In MSF’s HIV, tuberculosis and sexual and reproductive health project for female sex workers in Malawi, which ran from 2014 to 2020, self-care was central to a peer-led model. Female sex workers in Malawi experience especially high rates of HIV and sexually transmitted infections, as well as sexual and gender-based violence, but face multiple obstacles to healthcare. Like sex workers in many other parts of the world, they’re disadvantaged by low social and economic status, discrimination and criminalisation. In Malawi we faced this head on by involving them directly in our comprehensive package of care.

Female sex workers joined the project to be trained as peer educators and community health workers. Their activities touched on all three pillars of self-care: self-awareness, through promoting self-education for example; self-testing, via home tests for HIV and other conditions; and self-management, including prevention of unwanted pregnancy after unprotected intercourse or sexual violence. This allowed female sex workers to have confidential access to information, care and other support around-the-clock from women like them, who understood their lives and their challenges. The community health workers then linked the women to the nearest ‘one-stop’ clinic for treatment and further support if necessary.

At the end of 2020, MSF handed over its activities to the Ministry of Health and several recently created sex worker community-based organisations lead by sex workers previously employed as community health workers by MSF in Malawi.

In Gutu district in Zimbabwe last year, our cervical cancer prevention and early treatment programme with the Zimbabwean Ministry of Health and Child Care was the springboard for a trial comparing women self-swabbing for human papillomavirus infection versus being swabbed by a nurse. Without better access to cervical cancer prevention, women in high prevalence countries like Zimbabwe continue to face a premature death.

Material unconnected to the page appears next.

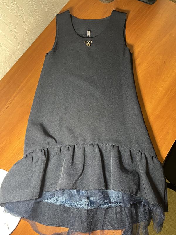 Дуже гарний шкільний сарафан, в ідеальному стані. Тканина - костюмка Внизу є фантін синього кольору. Колір сарафану - темно-синій Дитина носила в 1-2 класі Заміри Довжина зпереді - 56 см Довжина ззаду- 65 см Напівохват грудей -30 см

The screening method known as Visual Inspection with Acetic Acid, the mainstay of our programme and others like it, needs human resources, training and equipment that can limit its roll-out. What if the simpler high vaginal swab to collect an HPV DNA sample could be effectively conducted not only by nurses, but the women themselves? It could significantly expand access to diagnosis for women unable to access healthcare workers or clinics.

The trial found nurses and lay patients equally effective in collecting a sample. Most women found the self-collection procedure comfortable; and almost all would recommend self-collection for HPV testing to a friend. We look forward to delving more into the preferences of women and nurses in participating in this care.

Great potential to expand

There is great potential to expand quality, patient-centred care for women and girls through self-care approaches, especially in contexts where MSF works: places affected by an acute crisis, or hard to reach. Self-care should always be linked to more formal care, but it can play a particularly useful role where there is little health infrastructure or few health workers, or marginalised people needing care outside of a formal system.

From our experience in such settings, working with health authorities, local organisations and grassroots communities, we believe much can be achieved to build the capacity to integrate self-care, and allow women and girls to contribute to their own health and wellbeing.

Let’s empower women and girls by trusting that given the right information and tools, they can engage in their own self-care to stay healthy, no matter where they live.